That the author of this diffusive mischief perpetuated it premeditatedly,
 wantonly, in the gaiety of his heart.  To try my cousin, say you,
 Sir!  To try the virtue of a Clarissa, Sir!—Has she then given him
 any cause to doubt her virtue?—It could not be.—If he avers that
 she did, I am indeed called upon—but I will have patience.

That he carried her, as now appears, to a vile brothel, purposely to put
 her out of all human resource; himself out of the reach of all
 human remorse: and that, finding her proof against all the common
 arts of delusion, base and unmanly arts were there used to effect
 his wicked purposes.  Once dead, the injured saint, in her will,
 says, he has seen her.

That I could not know this, when I saw him at M. Hall: that, the object
 of his attempts considered, I could not suppose there was such a
 monster breathing as he: that it was natural for me to impute her
 refusal of him rather to transitory resentment, to consciousness of
 human frailty, and mingled doubts of the sincerity of his offers,
 than to villanies, which had given the irreversible blow, and had
 at that instant brought her down to the gates of death, which in a
 very few days enclosed her.

That he is a man of defiance: a man who thinks to awe every one by his
 insolent darings, and by his pretensions to superior courage and
 skill.

That, disgrace as he is to his name, and to the character of a gentleman,
 the man would not want merit, who, in vindication of the
 dishonoured distincion, should expunge and blot him out of the
 worthy list.

That the injured family has a son, who, however unworthy of such a
 sister, is of a temper vehement, unbridled, fierce; unequal,
 therefore, (as he has once indeed been found,) to a contention
 with this man: the loss of which son, by a violent death on such
 an occasion, and by a hand so justly hated, would complete the
 misery of the whole family; and who, nevertheless, resolves to
 call him to account, if I do not; his very misbehaviour, perhaps,
 to such a sister, stimulating his perverse heart to do her memory
 the more signal justice; though the attempt might be fatal to
 himself.

Then, Sir, to be a witness, as I am every hour, to the calamity and
 distress of a family to which I am related; every one of whom,
 however averse to an alliance with him while it had not place,
 would no doubt have been soon reconciled to the admirable
 creature, had the man (to whom, for his family and fortunes, it
 was not a disgrace to be allied) done her but common justice!
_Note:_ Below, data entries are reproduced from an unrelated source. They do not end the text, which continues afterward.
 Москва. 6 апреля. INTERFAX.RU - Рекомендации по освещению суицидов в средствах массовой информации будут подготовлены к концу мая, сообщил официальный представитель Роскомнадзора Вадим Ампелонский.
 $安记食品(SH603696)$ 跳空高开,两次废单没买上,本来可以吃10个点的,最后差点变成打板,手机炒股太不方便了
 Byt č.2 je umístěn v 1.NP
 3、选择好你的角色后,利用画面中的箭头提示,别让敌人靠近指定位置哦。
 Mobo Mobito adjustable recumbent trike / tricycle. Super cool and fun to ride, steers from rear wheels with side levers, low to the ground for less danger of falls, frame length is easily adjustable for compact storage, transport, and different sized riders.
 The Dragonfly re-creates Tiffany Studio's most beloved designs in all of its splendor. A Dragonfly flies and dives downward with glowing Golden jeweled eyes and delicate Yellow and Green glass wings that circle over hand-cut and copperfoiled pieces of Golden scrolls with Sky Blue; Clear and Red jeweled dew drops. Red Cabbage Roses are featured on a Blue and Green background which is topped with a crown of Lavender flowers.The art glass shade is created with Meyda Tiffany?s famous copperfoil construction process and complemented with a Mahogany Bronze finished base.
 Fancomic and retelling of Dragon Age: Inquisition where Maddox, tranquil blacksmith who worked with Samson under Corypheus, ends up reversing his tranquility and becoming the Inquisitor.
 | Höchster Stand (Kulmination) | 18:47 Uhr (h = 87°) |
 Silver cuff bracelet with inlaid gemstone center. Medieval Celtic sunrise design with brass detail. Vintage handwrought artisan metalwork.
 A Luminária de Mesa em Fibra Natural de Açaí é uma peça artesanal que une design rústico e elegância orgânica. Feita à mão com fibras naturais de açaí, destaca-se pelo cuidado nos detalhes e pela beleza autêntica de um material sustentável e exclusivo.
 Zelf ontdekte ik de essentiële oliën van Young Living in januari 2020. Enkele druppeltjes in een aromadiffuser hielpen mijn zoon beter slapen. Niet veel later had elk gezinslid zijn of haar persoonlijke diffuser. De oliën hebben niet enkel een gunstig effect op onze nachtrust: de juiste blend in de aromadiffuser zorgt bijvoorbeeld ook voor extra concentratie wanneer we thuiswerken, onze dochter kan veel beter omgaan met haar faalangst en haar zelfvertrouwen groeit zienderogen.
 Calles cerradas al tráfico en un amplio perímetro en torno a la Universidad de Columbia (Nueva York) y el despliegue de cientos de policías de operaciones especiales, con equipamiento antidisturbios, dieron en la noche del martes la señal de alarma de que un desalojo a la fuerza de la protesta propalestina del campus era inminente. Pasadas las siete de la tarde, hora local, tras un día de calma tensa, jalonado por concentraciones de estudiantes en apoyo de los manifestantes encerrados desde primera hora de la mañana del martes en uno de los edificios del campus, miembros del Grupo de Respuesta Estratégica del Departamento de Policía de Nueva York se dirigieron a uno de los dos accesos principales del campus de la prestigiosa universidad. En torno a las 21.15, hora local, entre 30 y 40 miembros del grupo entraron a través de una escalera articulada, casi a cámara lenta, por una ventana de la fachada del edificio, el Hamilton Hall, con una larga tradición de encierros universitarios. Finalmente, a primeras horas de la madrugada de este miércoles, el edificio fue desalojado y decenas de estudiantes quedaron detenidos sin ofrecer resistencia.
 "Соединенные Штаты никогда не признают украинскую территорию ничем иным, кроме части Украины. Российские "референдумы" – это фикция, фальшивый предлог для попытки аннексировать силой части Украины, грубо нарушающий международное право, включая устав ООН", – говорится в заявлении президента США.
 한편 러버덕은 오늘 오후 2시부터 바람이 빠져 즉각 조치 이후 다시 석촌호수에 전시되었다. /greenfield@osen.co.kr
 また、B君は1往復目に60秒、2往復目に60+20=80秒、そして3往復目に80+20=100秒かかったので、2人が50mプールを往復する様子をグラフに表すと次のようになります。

To see them hang their pensive heads; mope about, shunning one another;
 though formerly never used to meet but to rejoice in each other;
 afflicting themselves with reflections, that the last time they
 respectively saw the dear creature, it was here or there, at such
 a place, in such an attitude; and could they have thought that it
 would have been the last?—Every one of them reviving instances of
 her excellencies that will for a long time make their very
 blessings a curse to them!

Her closet, her chamber, her cabinet, given up to me to disfurnish, in
 order to answer (now too late obliging!) the legacies bequeathed;
 unable themselves to enter them; and even making use of less
 convenient back stairs, that they may avoid passing by the doors
 of her apartment!

Her parlour locked up; the walks, the retirements, the summer-house in
 which she delighted, and in which she used to pursue her charming
 works; that in particular, from which she went to the fatal
 interview, shunned, or hurried by, or over!

Her perfections, nevertheless, called up to remembrance, and enumerated;
 incidents and graces, unheeded before, or passed over in the group
 of her numberless perfections, now brought back into notice, and
 dwelt upon!

The very servants allowed to expatiate upon these praiseful topics to
 their principals!  Even eloquent in their praises!  The distressed
 principals listening and weeping!  Then to see them break in upon
 the zealous applauders, by their impatience and remorse, and throw
 abroad their helpless hands, and exclaim; then again to see them
 listen to hear more of her praises, and weep again—they even
 encouraging the servants to repeat how they used to be stopt by
 strangers to ask after her, and by those who knew her, to be told
 of some new instances to her honour—how aggravating all this!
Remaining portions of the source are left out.